### WORK TO BE COMPLETED:
Extract from the entries below, exactly as given, only the lines from the line containing "中移建设有限公司违规转包再次被禁:多次在军队采购中违规" to the line containing "Stepless lyftplattform SLP", both lines included.

### DATA EXTRACTS:
┌──
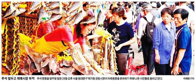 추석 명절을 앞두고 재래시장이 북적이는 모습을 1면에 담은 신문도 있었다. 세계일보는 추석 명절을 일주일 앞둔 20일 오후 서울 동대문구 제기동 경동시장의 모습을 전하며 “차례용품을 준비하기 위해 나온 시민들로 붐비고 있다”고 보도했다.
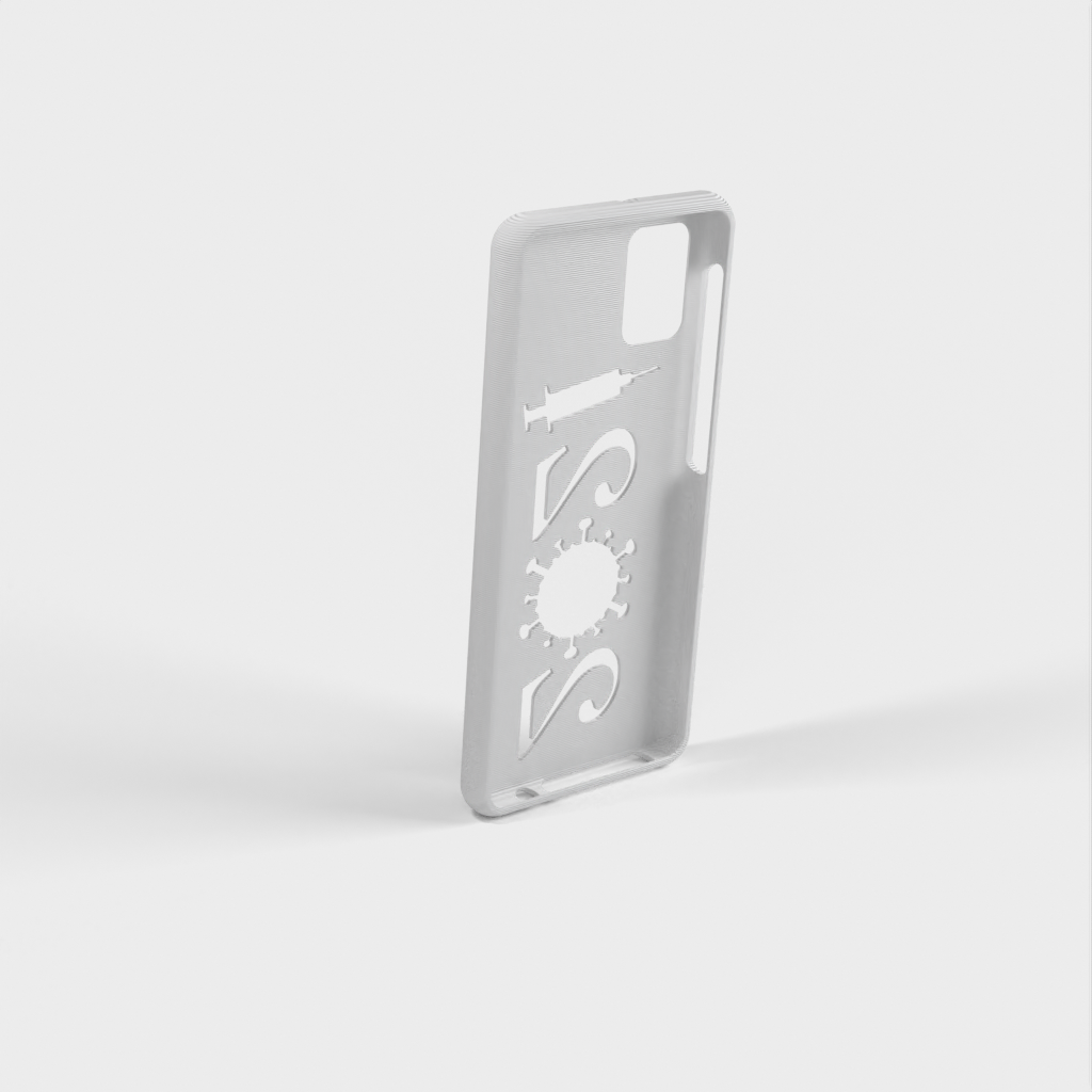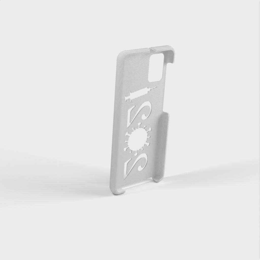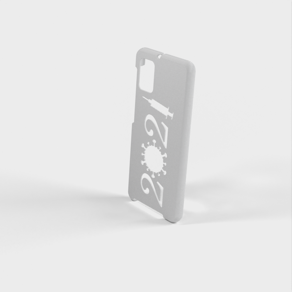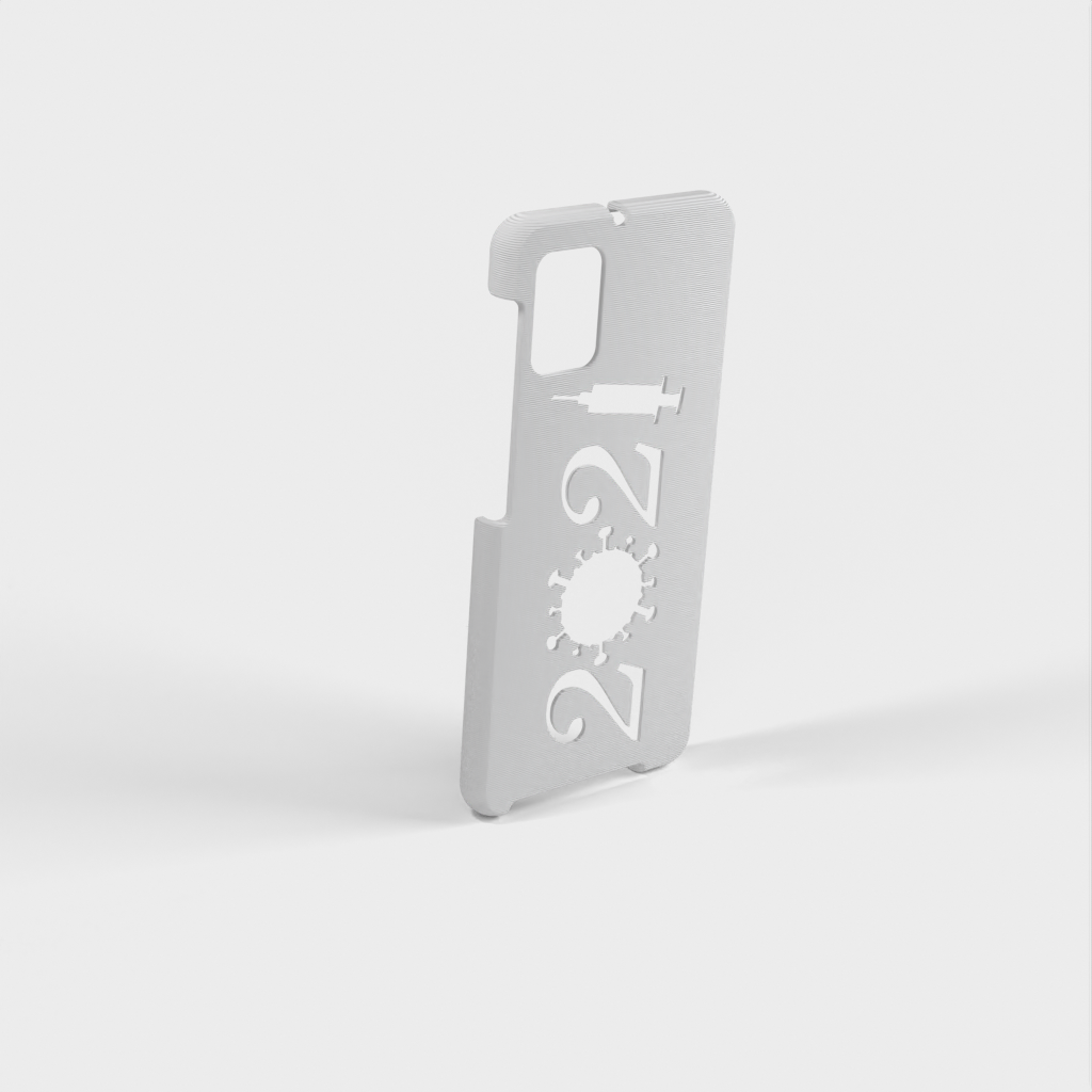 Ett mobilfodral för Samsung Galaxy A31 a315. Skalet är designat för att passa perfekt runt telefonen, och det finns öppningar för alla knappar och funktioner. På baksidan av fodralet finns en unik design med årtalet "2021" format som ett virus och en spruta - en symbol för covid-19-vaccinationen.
└──
┌──
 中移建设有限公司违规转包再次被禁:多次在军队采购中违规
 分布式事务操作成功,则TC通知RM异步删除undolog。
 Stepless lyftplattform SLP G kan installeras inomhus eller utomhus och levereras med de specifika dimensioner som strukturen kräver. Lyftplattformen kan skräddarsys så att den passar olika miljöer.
└──
┌──
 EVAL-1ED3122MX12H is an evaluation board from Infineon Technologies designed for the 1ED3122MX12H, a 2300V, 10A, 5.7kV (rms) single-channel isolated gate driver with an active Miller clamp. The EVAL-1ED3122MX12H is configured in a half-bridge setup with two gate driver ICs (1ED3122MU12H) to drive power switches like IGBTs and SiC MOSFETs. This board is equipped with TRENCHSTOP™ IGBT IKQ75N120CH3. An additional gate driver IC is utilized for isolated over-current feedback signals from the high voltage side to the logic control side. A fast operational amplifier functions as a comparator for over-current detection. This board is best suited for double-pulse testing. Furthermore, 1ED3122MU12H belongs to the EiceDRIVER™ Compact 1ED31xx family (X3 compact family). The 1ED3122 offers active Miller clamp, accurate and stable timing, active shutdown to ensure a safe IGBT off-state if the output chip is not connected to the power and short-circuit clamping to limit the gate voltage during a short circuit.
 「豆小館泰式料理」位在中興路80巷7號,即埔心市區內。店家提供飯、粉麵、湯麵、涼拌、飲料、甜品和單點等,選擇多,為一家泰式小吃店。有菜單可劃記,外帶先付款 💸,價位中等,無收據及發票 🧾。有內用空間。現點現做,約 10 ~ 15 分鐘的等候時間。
└──
### REPLY:
 中移建设有限公司违规转包再次被禁:多次在军队采购中违规
 分布式事务操作成功,则TC通知RM异步删除undolog。
 Stepless lyftplattform SLP G kan installeras inomhus eller utomhus och levereras med de specifika dimensioner som strukturen kräver. Lyftplattformen kan skräddarsys så att den passar olika miljöer.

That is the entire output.